▶ **TASK DETAILS**
Using the records below, output the stretch that opens with the line containing "Blue Super Girl" and closes with the line containing "Чоловічі брюки синього", exactly and including both lines, with nothing more.

▶ **EXERCISE MATERIAL**
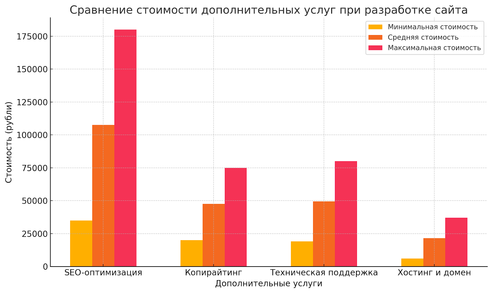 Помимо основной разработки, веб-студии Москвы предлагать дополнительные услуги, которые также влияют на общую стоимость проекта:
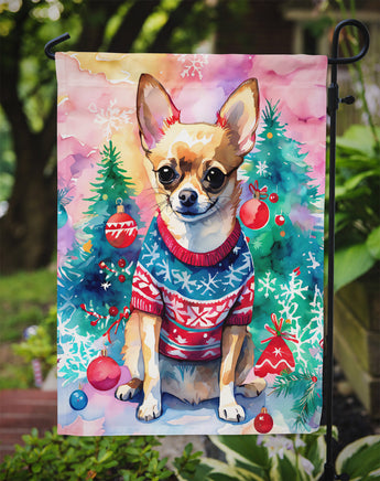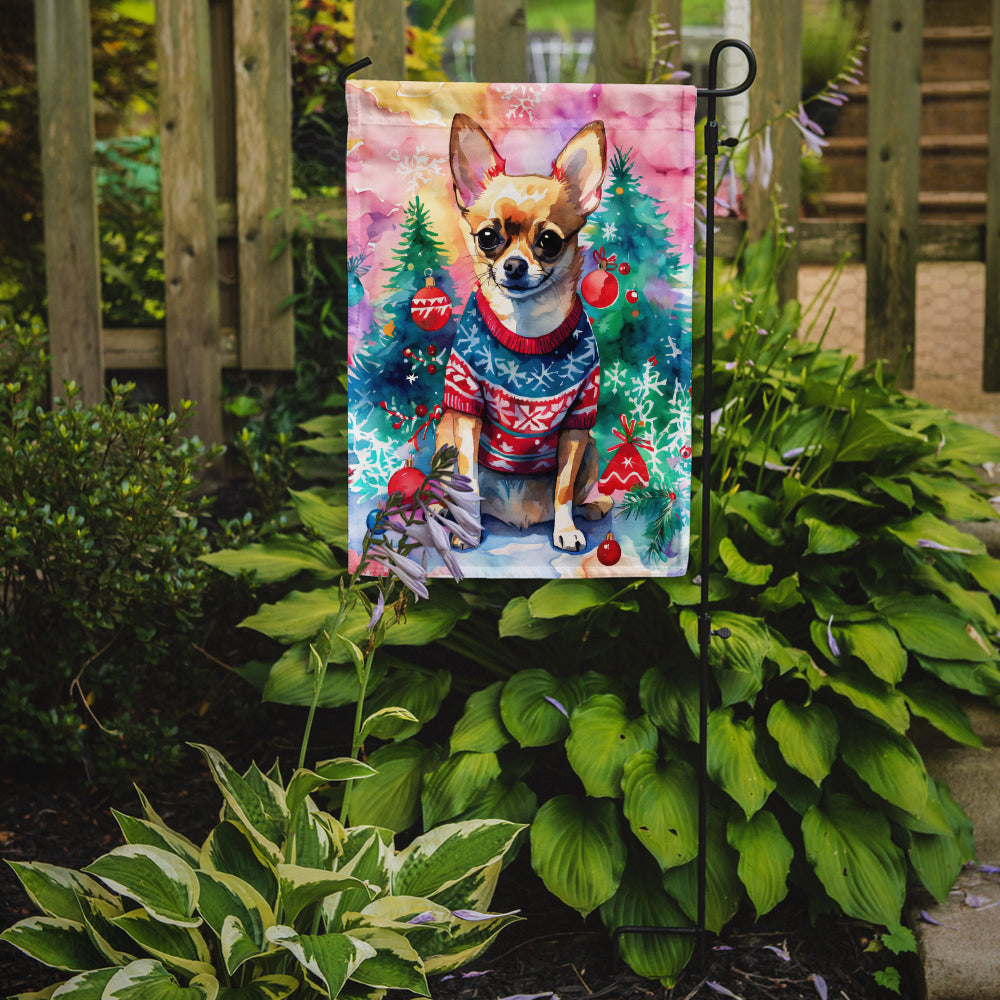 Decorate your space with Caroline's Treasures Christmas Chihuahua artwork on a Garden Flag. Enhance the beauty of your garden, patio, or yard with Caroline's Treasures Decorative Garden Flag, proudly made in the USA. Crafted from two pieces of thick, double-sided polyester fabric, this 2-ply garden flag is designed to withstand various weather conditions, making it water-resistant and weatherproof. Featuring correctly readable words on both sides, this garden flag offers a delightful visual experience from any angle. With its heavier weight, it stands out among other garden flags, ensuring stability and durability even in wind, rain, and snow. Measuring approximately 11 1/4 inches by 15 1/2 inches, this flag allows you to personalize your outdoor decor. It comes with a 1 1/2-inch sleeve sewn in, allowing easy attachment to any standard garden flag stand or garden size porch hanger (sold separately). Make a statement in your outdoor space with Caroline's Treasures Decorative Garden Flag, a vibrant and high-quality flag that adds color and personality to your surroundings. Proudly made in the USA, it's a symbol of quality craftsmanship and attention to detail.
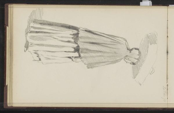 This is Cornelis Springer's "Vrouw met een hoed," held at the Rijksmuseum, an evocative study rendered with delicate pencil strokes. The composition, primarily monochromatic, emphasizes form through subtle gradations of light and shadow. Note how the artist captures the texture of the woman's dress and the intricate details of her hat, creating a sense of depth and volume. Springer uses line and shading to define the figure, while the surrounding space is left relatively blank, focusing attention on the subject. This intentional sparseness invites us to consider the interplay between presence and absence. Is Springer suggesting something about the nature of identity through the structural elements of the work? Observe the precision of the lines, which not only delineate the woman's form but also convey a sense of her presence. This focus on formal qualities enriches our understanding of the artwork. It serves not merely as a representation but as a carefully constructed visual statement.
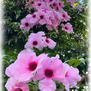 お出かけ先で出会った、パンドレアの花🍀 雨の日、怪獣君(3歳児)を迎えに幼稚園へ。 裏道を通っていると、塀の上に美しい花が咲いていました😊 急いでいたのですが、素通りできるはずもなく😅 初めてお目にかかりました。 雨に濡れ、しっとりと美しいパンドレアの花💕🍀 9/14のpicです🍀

==

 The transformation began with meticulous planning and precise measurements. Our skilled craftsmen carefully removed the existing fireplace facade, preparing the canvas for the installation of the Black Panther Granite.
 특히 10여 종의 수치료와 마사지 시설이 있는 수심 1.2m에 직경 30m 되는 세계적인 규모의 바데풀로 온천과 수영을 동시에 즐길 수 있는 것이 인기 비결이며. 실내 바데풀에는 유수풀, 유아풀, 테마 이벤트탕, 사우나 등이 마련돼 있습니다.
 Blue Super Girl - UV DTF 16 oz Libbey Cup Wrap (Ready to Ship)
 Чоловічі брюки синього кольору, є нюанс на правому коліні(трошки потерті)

...

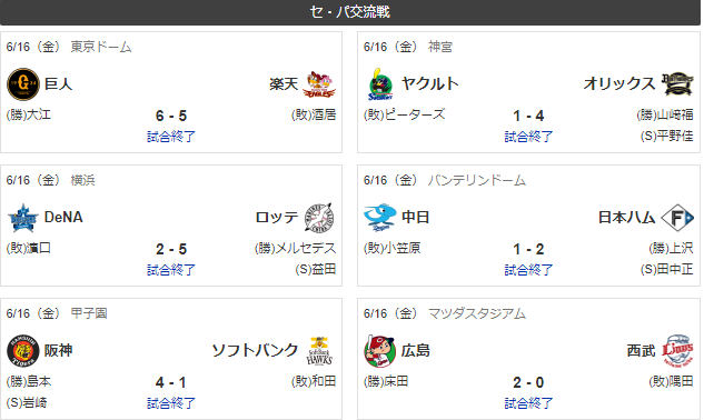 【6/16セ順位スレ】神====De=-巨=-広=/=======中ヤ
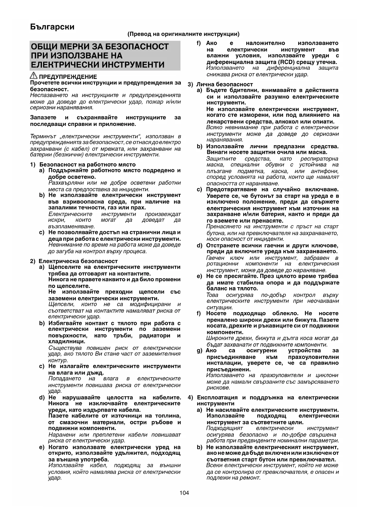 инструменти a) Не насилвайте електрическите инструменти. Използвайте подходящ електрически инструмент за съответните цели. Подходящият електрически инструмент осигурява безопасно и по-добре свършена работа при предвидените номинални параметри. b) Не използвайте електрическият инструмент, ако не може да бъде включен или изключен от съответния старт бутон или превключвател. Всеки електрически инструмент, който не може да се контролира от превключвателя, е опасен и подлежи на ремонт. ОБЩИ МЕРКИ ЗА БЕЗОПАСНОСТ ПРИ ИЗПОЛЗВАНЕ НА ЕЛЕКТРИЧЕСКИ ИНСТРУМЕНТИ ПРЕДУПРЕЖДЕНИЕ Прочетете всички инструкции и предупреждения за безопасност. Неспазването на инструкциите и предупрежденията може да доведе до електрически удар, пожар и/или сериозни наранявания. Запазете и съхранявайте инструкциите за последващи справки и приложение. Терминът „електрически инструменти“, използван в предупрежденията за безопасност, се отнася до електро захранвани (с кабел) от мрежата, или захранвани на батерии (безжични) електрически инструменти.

▶ **RESULT**
 Blue Super Girl - UV DTF 16 oz Libbey Cup Wrap (Ready to Ship)
 Чоловічі брюки синього кольору, є нюанс на правому коліні(трошки потерті)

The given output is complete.